Pope Francis proclaimed in his Ash Wednesday Homily that Lent is the opportunity to ‘Unmask’- to ‘see’ the faces of children yearning for the future. Moral education was accentuated in the Middle Ages, not intellectual enlightenment. Today, prowess is prized over discipline. At one time, the Church attended mostly to formation, rather than the transmission of secular knowledge. But under Charlemagne, cathedrals, ministries, parish churches and convents opened schools for general education.

The School of Canterbury, now called the King’s School, Canterbury, was funded by Cathedral funds. It is held to be the oldest continuously operating school in the world. Founded in 597 AD, it almost became a university with its abundant library. Such is the ambition of those who teach. Blackfriars is the Art School and Gallery at the King’s School, Canterbury. The curriculum encircles fencing, formation, drama, the classics, English, politics, economics, pottery, sailing and rowing, mathematics and natural sciences.

At the Recreation Centre, there is a gym, hockey pitches and a swimming pool.
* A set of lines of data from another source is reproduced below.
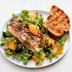 Προθέρμανε το φούρνο στο γκριλ, άλειψε μια σχάρα με λάδι και τοποθέτησέ τη στο φούρνο με ένα ταψί από κάτω για να μην στάξουν οι ζωμοί. Καθάρισε καλά και κόψε σε μπουκιές τα δύο πορτοκάλια, τοποθέτησέ τα σε ένα μπολ μαζί με το χυμό από το τρίτο πορτοκάλι, το λάδι, την πιπεριά ψιλοκομμένη, τις ελιές, αλάτι και πιπέρι.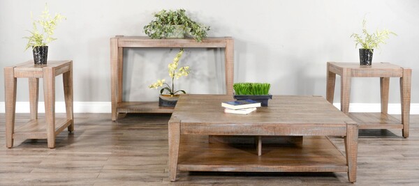 Made with distressed mahogany solids and veneers, this four-piece occasional table set is sleek, transitional-modern, and elegant.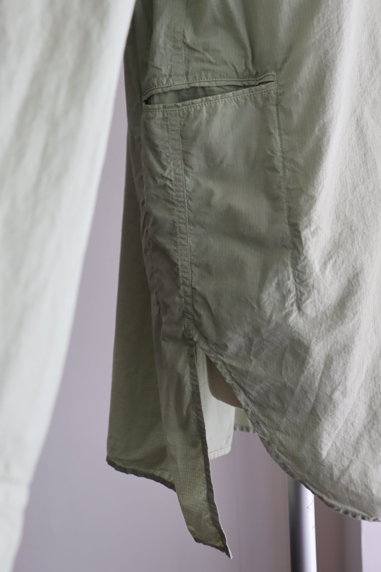 トを付けてシャツ⼀枚でもちょっとした外出できるデザインです。素材はオーガニックコットン100%を使⽤したコットンリップストップのタイプライターで適度な張り感と強度を持った素材です。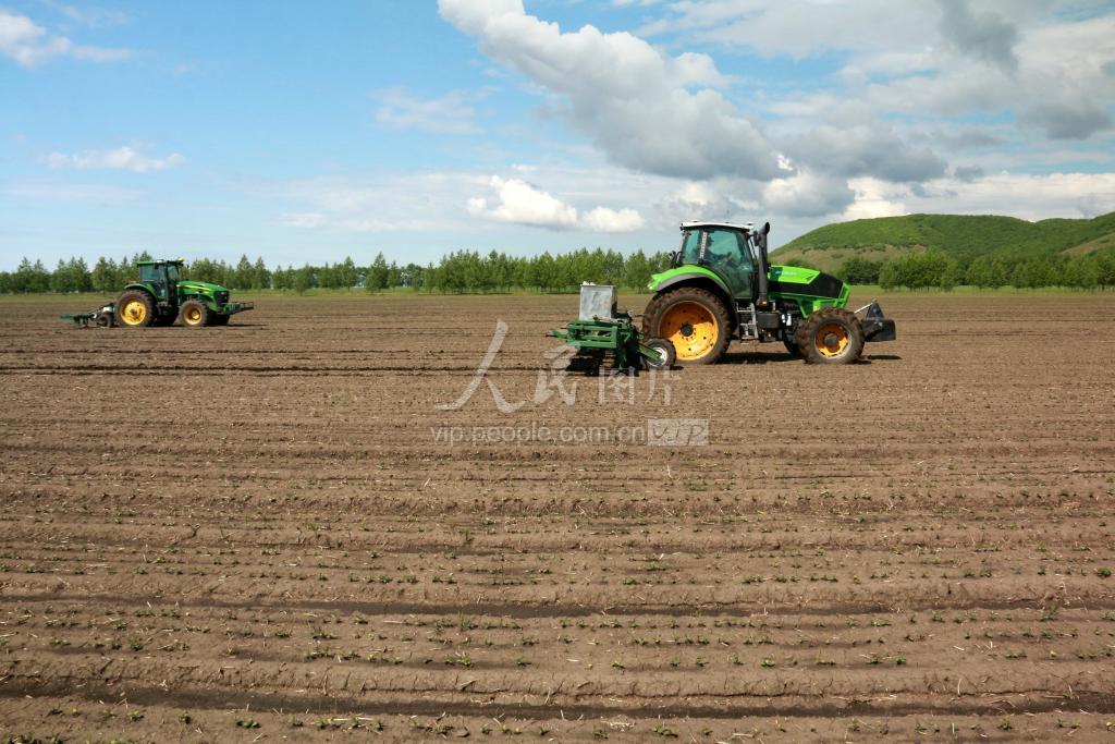 2022年6月1日,黑龙江黑河五大连池农场集中机械力量对大豆作物进行中耕作业。 进入6月,黑龙江广袤的黑土地上大豆、玉米等大田作物苗齐苗壮,长势喜人,广大农户抢抓晴好天气,抓紧对作物进行管理。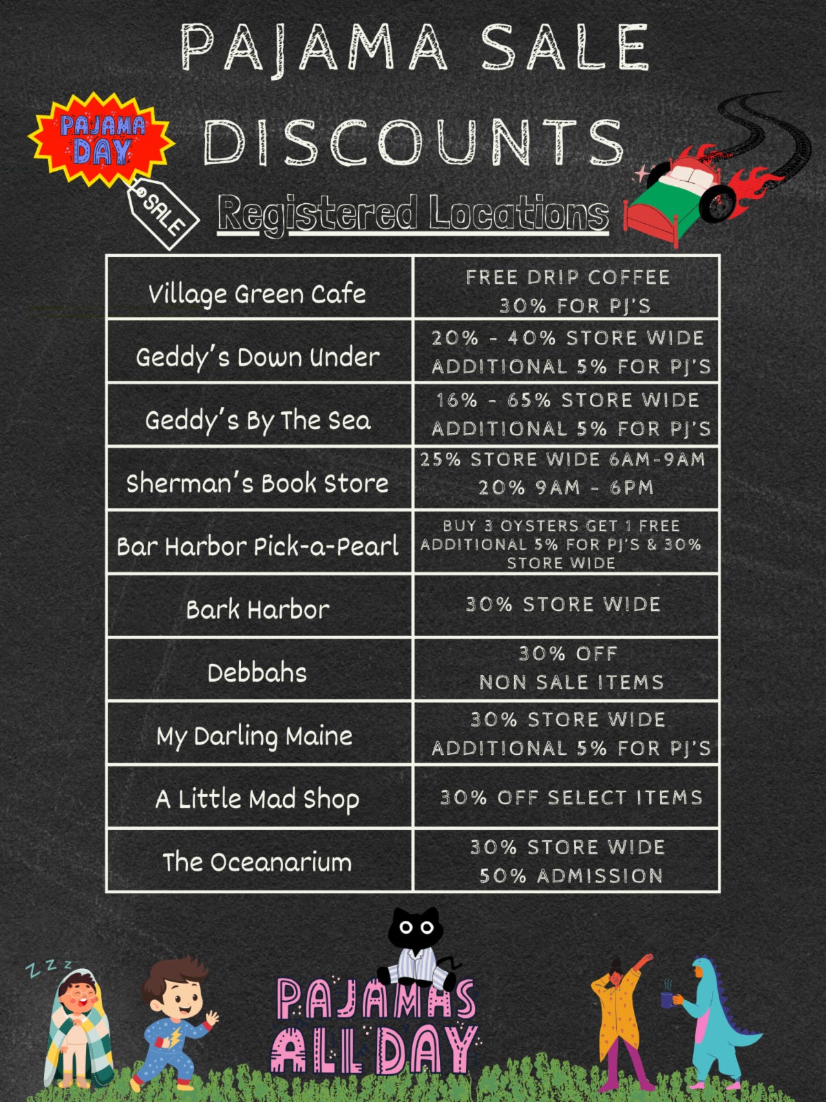 Pajama attire often earns discounts from participating shops.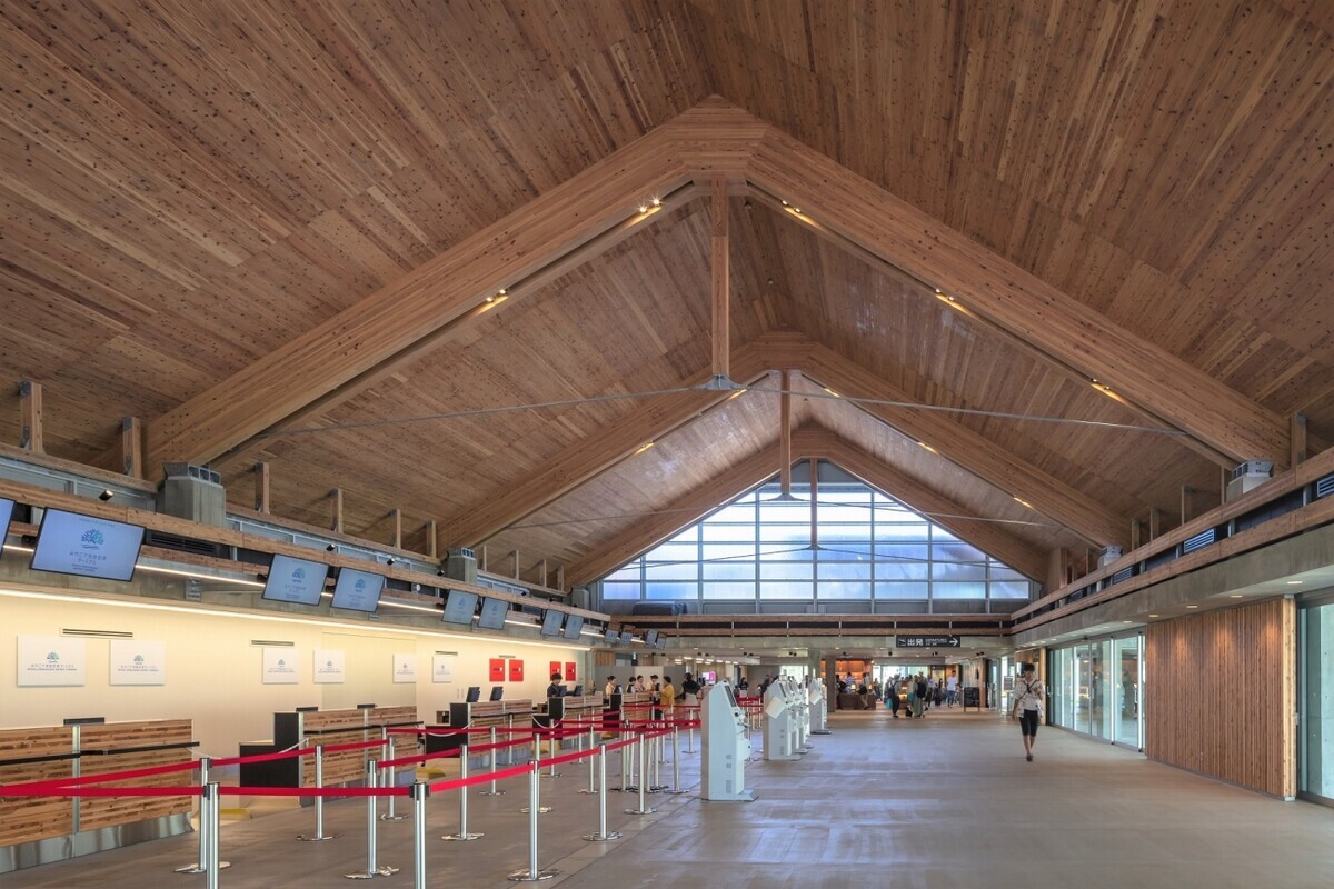 木をふんだんに使ったみやこ下地島空港。空港からレンタカーを直接乗り出しできて便利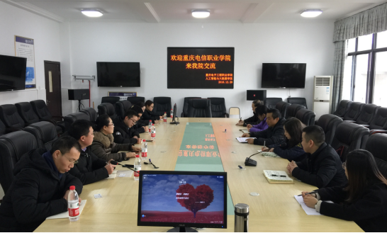 2018年12月28日,重庆电信职业学院大数据与软件学院郑未院长、张鲁燕副院长、罗国春主任、李再友主任、专业教师杨正英、刘军、杨文艺一行来我院调研考察,人工智能与大数据学院吴焱岷书记携部分专业教师付雯、项刚、郑卉、吴明元、李俊翰、王宁忆、肖蜀奉出席了座谈会。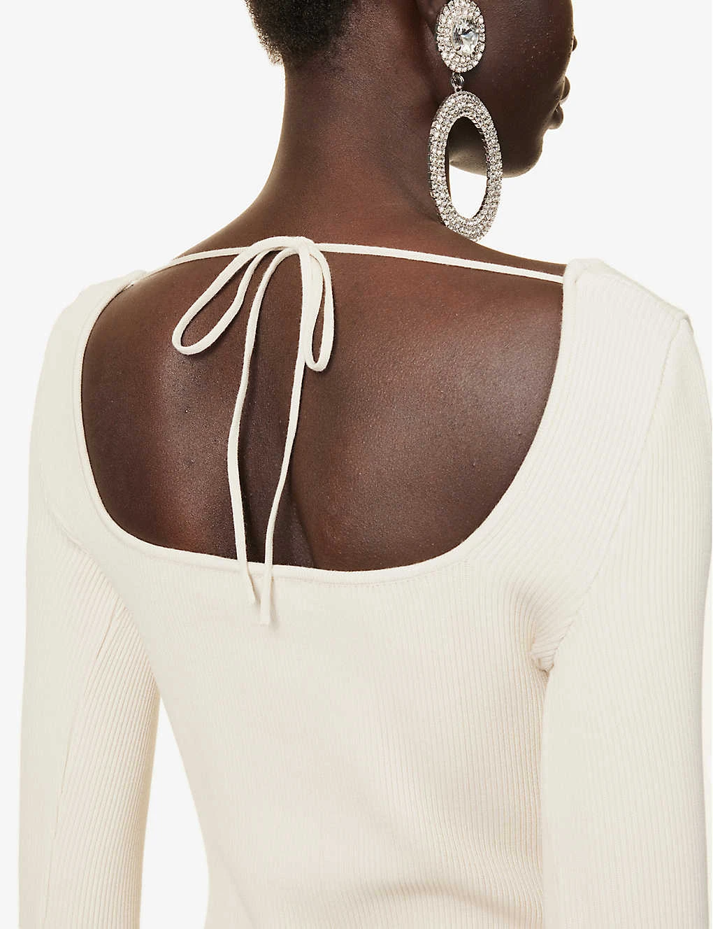 - Slim fit, square neckline, long flared sleeves, embellished rings at sleeve hems, medium knit, ribbed texture

The Pupils’ Social Centre has a Junior Common Room with billiards tables and student services. By The Fourth Lateran Council (1215) schools were required to establish a chair of grammar in every cathedral-school along with chairs in philosophy. Grammar was not a ‘crime scene investigation’ of the bones of a language; it was the art of writing. It was defined as the study of great poetry and oratory to empower students to write with correctness and elegance. It opened with the Psalms and ran through the works of Cicero, Virgil, Horace, Statius and Ovid. Rhetoric included considerable study of literature.

The teaching of logic safeguarded that students learned to reason as early as they loved to argue. Not unlike the education received to some degree by Eric Williams and Rudranath Capildeo at QCS/QRC. Pope Gregory IX once directed that every parish organise a school of elementary instruction. Teachers were clerks in minor orders.

Discipline was as necessary as hell in religion. Winchester School ushered in pupils with a frank hexameter: ‘Aut disce, aut discede; manet sors tertai, caedi’- ‘Learn or leave: a third alternative is to be flogged’. ‘Disce aut Discede’ remains the motto of Cornwall College in Montego Bay, Jamaica. The curriculum at Canterbury once embraced the ‘trivium’- grammar, rhetoric and logic to be followed by the ‘quadrivium’- arithmetic, geometry, music and astronomy. Together they constitute the seven (7) liberal arts. The industrial revolution and its carter, the transatlantic trade, gave rise to the establishment of secular schools with lay teachers salaried by parents.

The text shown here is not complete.